Cualquiera que lea esto sabe en qué situación se encuentra el Hijo de Dios. Y no es, precisamente, buena aunque, en realidad, lo sea…

Está en la cruz y a punto de morir.

El caso es que había pedido a Dios que perdonara a los que  lo estaban matando. En realidad, es bien cierto que no sabían lo que estaban haciendo porque, de haber sabido y reconocido que aquel hombre que les habían traído para crucificarlo era el Hijo de Dios, se hubieran cuidado mucho de matarlo de aquella forma. Pero ellos, al menos ellos, no sabía y eran perfectos ignorantes de la situación en la que se les había puesto.

Pues bien, aquel hombre, aquel Maestro que había hecho todo lo posible para que se comprendiese que era el Mesías (digamos que con poco éxito) estaba a punto de morir.

En aquella situación, a cualquiera se le ocurren muchas cosas que podía haber dicho. Pero Él sabe que debe hacer lo que es necesario para que su labor, hecha a lo largo de, al menos, tres años, pueda continuar.

Allí están pocos de entre los suyos. Algunas mujeres, entre ellas María, su Madre y Juan, el discípulo más joven y el que menos miedo tuvo en aquellas terribles y peligrosas circunstancias.

Nosotros sabemos que, a través del bautismo pasamos a ser hijos de Dios, espiritualmente hablando y eso nos hace propicios para alcanzar la vida eterna. Estamos, por así decirlo, en la casilla de salida de una carrera que, a lo largo de nuestra vida, nos puede llevar al definitivo Reino de Dios  o, al contrario, podemos salirnos del camino que forma tal carrera.

Jesucristo quería lo mejor para sus hermanos los hombres. Y lo quería porque su amor ellos, por nosotros, era tan grande que iba a terminar dando su vida por cada uno de los que Dios le había entregado.

¿Qué hacer?

Seguramente, muchas cosas pasaron por el corazón de Jesucristo en aquel momento.
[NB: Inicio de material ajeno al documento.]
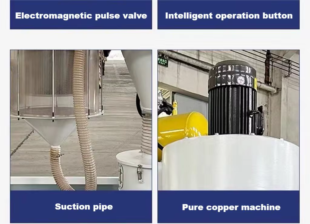 The dust collector features a self-cleaning mechanism, making maintenance easy and efficient.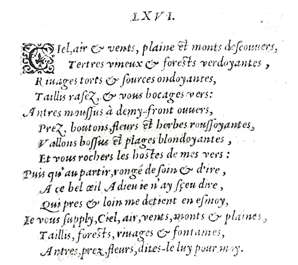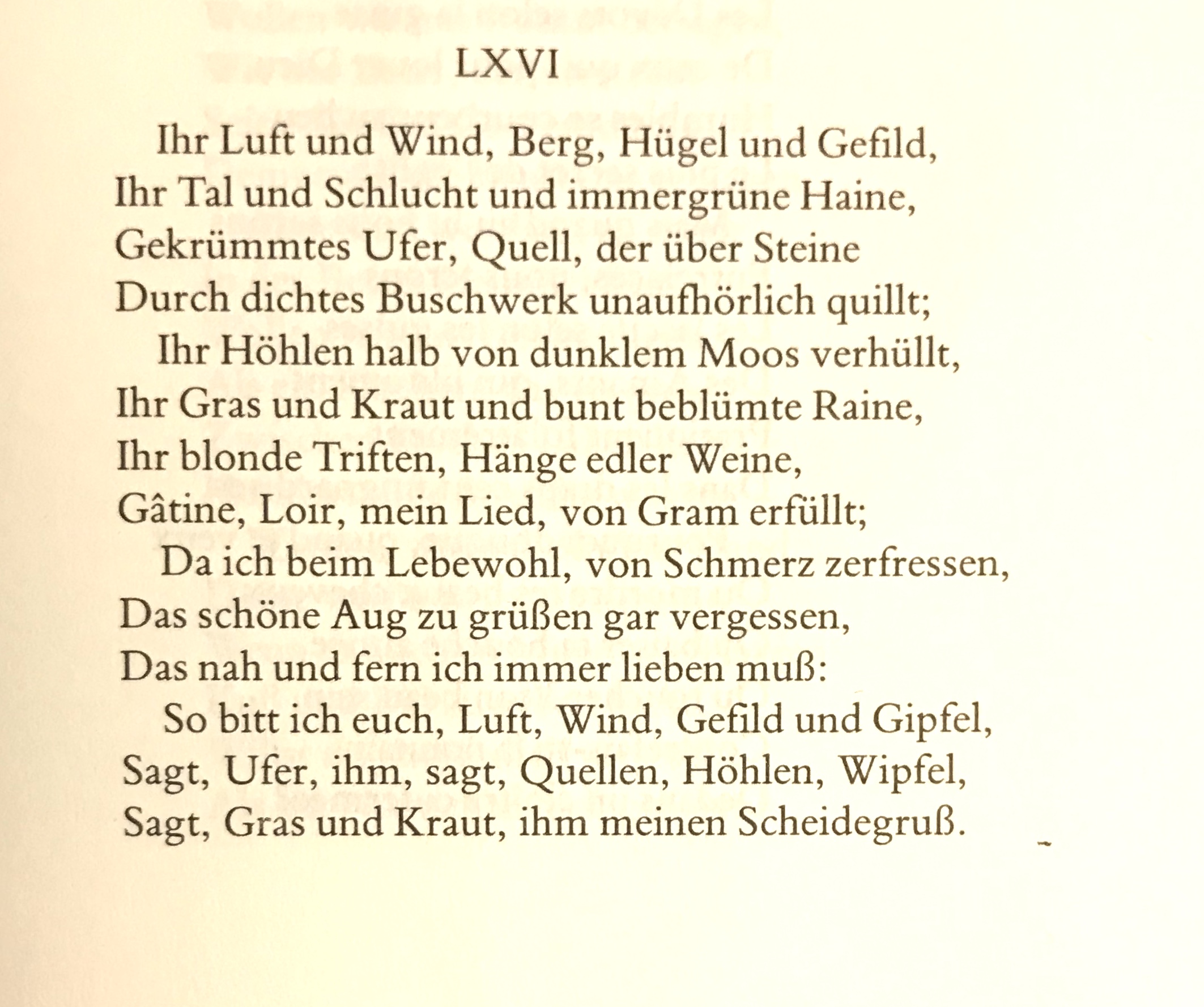 Sonnet XXXIV. JHr / Himmel / lufft vnd wind / jhr hügel voll von schatten / Jhr Hainen / jhr Gepüsch' / vnnd du / du edler Wein / Jhr frischen Brunnen jhr so reich am Wasser seyn / Jhr Wüsten die jhr stets müßt an der Sonnen braten / Jhr durch den Weissen thaw bereifften schönen Saaten / Jhr Hölen voller Moß / jhr auffgeritzten Stein' / Jhr Felder welche ziert der zarten Blumen Schein / Jhr Felsen wo die Reim' am besten mir gerathen / Weil ich ja Flavien / daß ich noch nie thun können / Muß geben gute Nacht vnd gleichwohl Muth vnd sinnen Sich fürchten allezeit vnd weichen hinter sich / So bitt' ich Himmel / Lüfft / Wind / Hügel / Hainen / Wälder / Wein / Brunnen / Wüsteney / Saat / Hölen / Steine / Felder / Vnd Felsen sagt es jhr / sagt / sagt es jhr vor mich.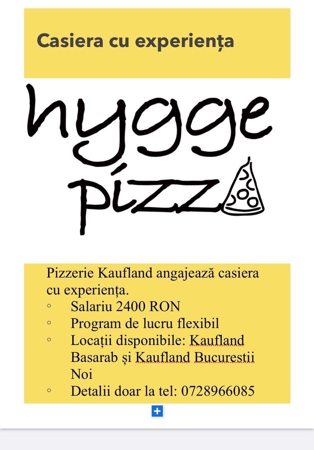 Pizzeria Kaufland anagajeaza casiera cu experienta.Salariu 3000 lei , program lucru flexibil. Locatii disponibile: Kaufland Basarab si Kaufland Bucurestii Noi.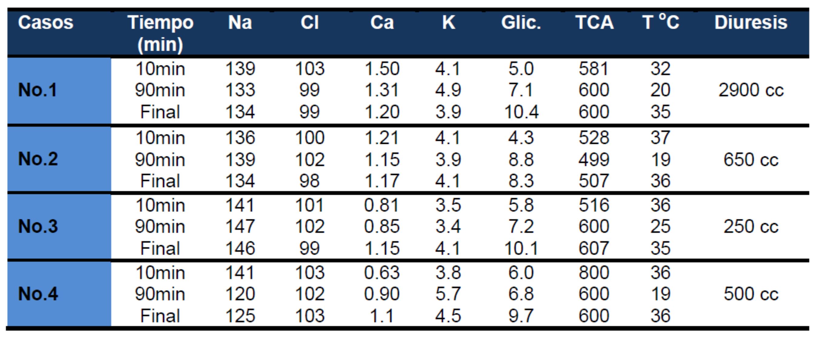 El tiempo de coagulación activado se mantuvo superior a los 480seg durante la CEC en los cuatro casos. La cardioplegia sanguínea se aplicó por vía anterógrada a través de la raíz de la aorta para la inducción del paro anóxico, y directamente por los ostium coronarios para el mantenimiento. El equilibrio iónico, la diuresis y el tiempo de coagulación activado, se examinó cada 20min durante la CEC. En los cuatro casos se observó signos de hiperpotasemia. En el caso No. 3, el ión calcio estuvo por debajo de los valores de referencias durante los primeros períodos de la CEC. La hiperglicemia se presentó a medida que se prolongó la CEC en los cuatro pacientes, coincidiendo con el aumento de la temperatura corporal. La diuresis fue amplia mayor de 200ml en los cuatro casos presentados, con una hemofiltración de 900, 2800, 1300 y 1200ml respectivamente,Tabla 3.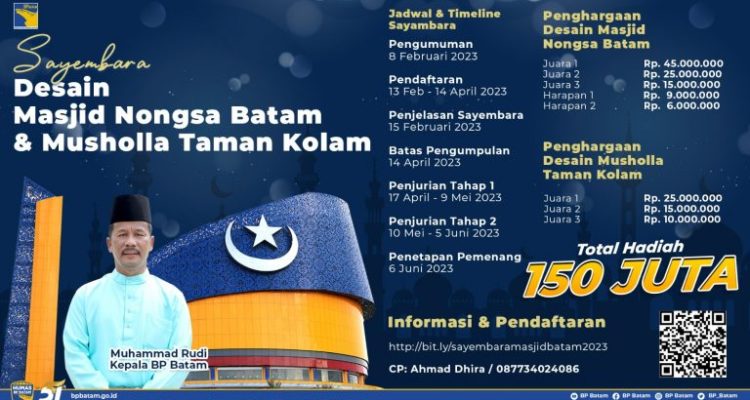 Sayembara BP Batam Desain terbaik Masjid-Mushalla Nongsa dan Taman Kolam Sekupang tersedia Hadiah Total 150 Jt Batam|February 17, 2023February 18, 2023by Castilo TimesAsiaNews.com | Batam – Kabar gembira buat warga Nongsa khususnya dan Batam

Pero lo que tenía más a mano, podemos decirlo así, era su Madre. Y muy cerca a ella estaba Juan, el hermano de Santiago, uno de los Zebedeos a los había llamado “Boanerges” por ser muy impetuosos.

Lo que, entonces, hace Jesucristo, en aquel momento casi final de su vida en el mundo, ha sido un regalo y un don más que grandes. Y es que hace hijo de María a Juan.

Esto, dicho así, podría parecer que sí, que hacía hijo de María a Juan pero que ahí quedaba la cosa.

Sin embargo, aquí no hablamos sólo de personas, como individuos queremos decir, sino que está en juego una categoría muy grande: el ser humano. Aquí se jugaba mucho más que el bien de un discípulo, por muy amado que fuera por Jesucristo.

Lo que queremos decir es que, gracias a las palabras que pronuncia el Hijo de Dios en sus últimos momentos de vida,  la madre para a ser la Madre y el discípulo pasa a representar a todos los hijos de Dios.

Vemos, por tanto, que aquellas palabras acerca de María y de Juan valen tanto que abarcan a toda la humanidad. Y que nunca agradeceremos bastante aquello también es cierto. Por eso somos hijos de María.